More work should be done to create your customized surfaceView. You need to listener to the surfaceCreated/Destroy Event, create an render thread, more importantly, synchronized the render thread and main thread. However, to customize the View, all you need to do is override onDraw method.
The timing to update is different. Normal view update mechanism is constraint or controlled by the framework:You call view.invalidate in the UI thread or view.postInvalid in other thread to indicate to the framework that the view should be updated. However, the view won't be updated immediately but wait until next VSYNC event arrived. The easy approach to understand VSYNC is to consider it is as a timer that fire up every 16ms for a 60fps screen. In Android, all the normal view update (and display actually but I won't talk it today), is synchronized with VSYNC to achieve better smoothness. Now,back to the surfaceView, you can render it anytime as you wish. However, I can hardly tell if it is an advantage, since the display is also synchronized with VSYNC, as stated previously.
The main difference is that SurfaceView can be drawn on by background theads but Views can't.
SurfaceViews use more resources though so you don't want to use them unless you have to.
A SurfaceView is a custom view in Android that can be used to drawn inside it.

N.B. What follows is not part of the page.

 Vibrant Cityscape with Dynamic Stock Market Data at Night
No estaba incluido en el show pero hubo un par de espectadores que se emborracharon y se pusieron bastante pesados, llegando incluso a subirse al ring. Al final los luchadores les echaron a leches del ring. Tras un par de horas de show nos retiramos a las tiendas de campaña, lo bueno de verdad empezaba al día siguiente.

The main difference between a View and a SurfaceView is that a View is drawn in the
UI Thread, which is used for all the user interaction.
If you want to update the UI rapidly enough and render a good amount of information in
it, a SurfaceView is a better choice.
But there are a few technical insides to the SurfaceView:
1. They are not hardware accelerated.
2. Normal views are rendered when you call the methods invalidate or postInvalidate(), but this does not mean the view will be
immediately updated (A VSYNC will be sent, and the OS decides when
it gets updated. The SurfaceView can be immediately updated.

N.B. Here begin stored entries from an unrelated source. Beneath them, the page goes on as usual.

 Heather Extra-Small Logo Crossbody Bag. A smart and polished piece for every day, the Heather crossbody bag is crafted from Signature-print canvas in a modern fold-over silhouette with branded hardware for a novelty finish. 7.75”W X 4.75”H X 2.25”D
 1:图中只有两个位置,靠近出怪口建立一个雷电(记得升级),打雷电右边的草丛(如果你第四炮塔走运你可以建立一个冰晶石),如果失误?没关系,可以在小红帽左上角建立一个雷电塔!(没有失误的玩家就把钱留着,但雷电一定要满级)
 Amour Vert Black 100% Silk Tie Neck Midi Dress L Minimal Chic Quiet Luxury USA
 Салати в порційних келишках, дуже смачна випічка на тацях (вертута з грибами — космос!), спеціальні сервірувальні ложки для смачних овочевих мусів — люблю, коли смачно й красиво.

3. A SurfaceView has an allocated surface buffer, so it is more costly
One of the main differences between surfaceview and view is that to refresh the screen for a normal view we have to call invalidate method from the same thread where the view is defined. But even if we call invalidate, the refreshing does not happen immediately. It occurs only after the next arrival of the VSYNC signal. VSYNC signal is a kernel generated signal which happens every 16.6 ms or this is also known as 60 frame per second. So if we want more control over the refreshing of the screen (for example for very fast moving animation), we should not use normal view class.

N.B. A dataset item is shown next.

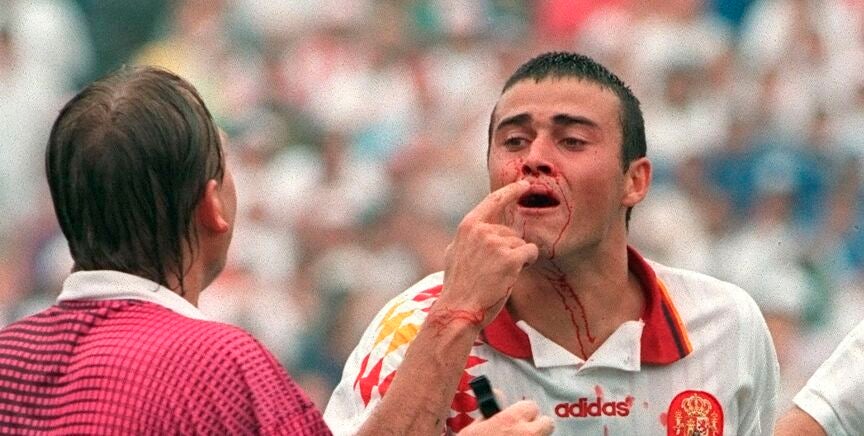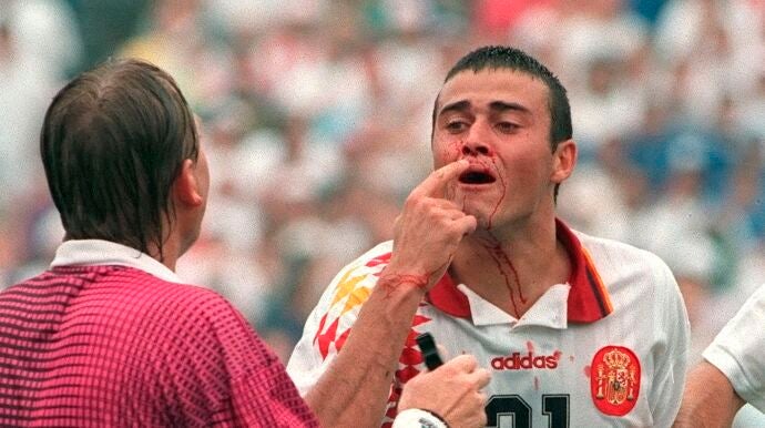 Una imagen que siempre será recordada por toda una generación de españoles: Luis Enrique sangrando en el Mundial de Estados Unidos de 1994. Tassotti le propinó un codazo... en una acción que no fue sancionada ni por el árbitro ni por el juez de línea.

On the other hand in case of surfaceview, we can refresh the screen as fast as we want and we can do it from a background thread. So refreshing of the surfaceview really does not depend upon VSYNC, and this is very useful if we want to do high speed animation. I have few training videos and example application which explain all these things nicely. Please have a look at the following training videos.
https://youtu.be/kRqsoApOr9U
https://youtu.be/Ji84HJ85FIQ
https://youtu.be/U8igPoyrUf8
Why use SurfaceView and not the classic View class...
One main reason is that SurfaceView can rapidly render the screen.
In simple words a SV is more capable of managing the timing and render animations.
To have a better understanding what is a SurfaceView we must compare it with the View class.
What is the difference... check this simple explanation in the video
https://m.youtube.com/watch?feature=youtu.be&v=eltlqsHSG30
Well with the View we have one major problem....the timing of rendering animations.
Normally the onDraw() is called from the Android run-time system.
So, when Android run-time system calls onDraw() then the application cant control
the timing of display, and this is important for animation. We have a gap of timing
between the application (our game) and the Android run-time system.
The SV it can call the onDraw() by a dedicated Thread.
Thus: the application controls the timing. So we can display the next bitmap image of the animation.